Puzzles shapes and styles are designed to suit all ages and ability, including images specially suited for children, which are traditionally constructed with larger, more manageable pieces with simpler pattern and shape design. The company was awarded recognition for its production in this section of the market in 2008.

In 2021, during mental health awareness week, Wentworth Wooden Puzzles released a series of mini jigsaw puzzles to promote the mindfulness and wellbeing that jigsaw puzzles can provide. Money from the sale of puzzles during that week were donated to Mind, a mental health charity.

=== Mini Mindful puzzles ===
May 6, 2021, Wentworth Wooden Puzzles released a series of mini jigsaw puzzles to promote the mindfulness and wellbeing that jigsaw puzzles can provide while also supporting mental health awareness week, Money from the sale of puzzles during that week were donated to Mind, a UK mental health charity.
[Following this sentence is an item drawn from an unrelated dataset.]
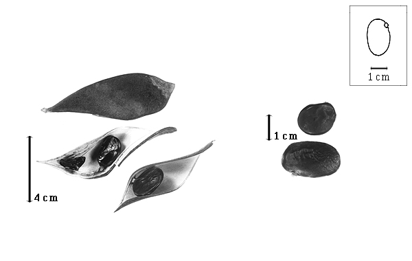 Fruit: A legume; unilocular; 7–11 cm long; 2.5–3.5 cm wide; 2–9 times longer than wide; with deciduous androecial sheath; with deciduous corolla; with deciduous calyx; without orifice formed by curving of fruit or fruit segments; straight; not plicate; not twisted; asymmetrical; irregular, or obliquely obovate; with both sutures unequally curved; not inflated; compressed; with beak; straight, or declined; with solid beak the same color and texture as fruit; tapered at apex, or short tapered at apex; aligned with longitudinal axis of fruit, or oblique with longitudinal axis of fruit; long tapered at base, or tapered at base; aligned with longitudinal axis of fruit, or oblique with longitudinal axis of fruit; with the apex and base uniform in texture; coriaceous, or leathery; seed chambers externally invisible; margin not constricted; margin without sulcus; margin plain, or embellished; margin with thickened sutural areas; wing(s) absent; nonstipitate; with all layers dehiscing; splitting along suture(s). Dehiscence of valves along both sutures; apical and down; active; with valves twisting. Replum invisible. Epicarp dull; monochrome, or multicolored; mottled, or streaked; brown; with brown overlay (darker); mottling color combination variable; with surface texture uniform; glabrous; eglandular; without spines; not smooth; with recessed features; not veined; not tuberculate; slitted obliquely; not exfoliating, or exfoliating in part; without cracks, or with cracks; cracking oblique to fruit length; without embedded tissue, much thicker than epicarp, running from base to apex. Mesocarp present; thick; surface not veined, or uniformly veined; 2-layered; without balsamic vesicles; without fibers; without reniform canals; with solid layer over solid layer, or spongy layer over solid layer; coriaceous. Endocarp present; visible; dull; opaque; monochrome, or mottled; tan, or white; with mottling dark more or less uniform; with brown overlay; scurfy and transversely wrinkled; without adhering pieces of testa; nonseptate; chartaceous; not exfoliating; remaining fused to mesocarp and epicarp; without wings; entire. Seed(s) 1–2(–6); length oblique to fruit length; neither overlapping nor touching, or touching; in 1 series. Funiculus ca. 1 mm long; of 1 length only; flattened; straight, or triangular. Aril present; dry; when dry rim-aril and tongue-aril; entire; brown, or cream, or tan, or yellow.

=== Impact of COVID-19 ===
In March 2020 as people moved indoors due to COVID-19 restrictions, the Wiltshire factory saw an increase of nearly 400% in the amount of orders they received since the start of the pandemic and struggled to keep up with the demand.

In an effort to show gratitude to all those fighting the COVID-19 virus, the company launched a special "say thank you with a rainbow" puzzle. In March 2021 the company announced they had raised nearly £12,000 which was donated to a local coronavirus charity.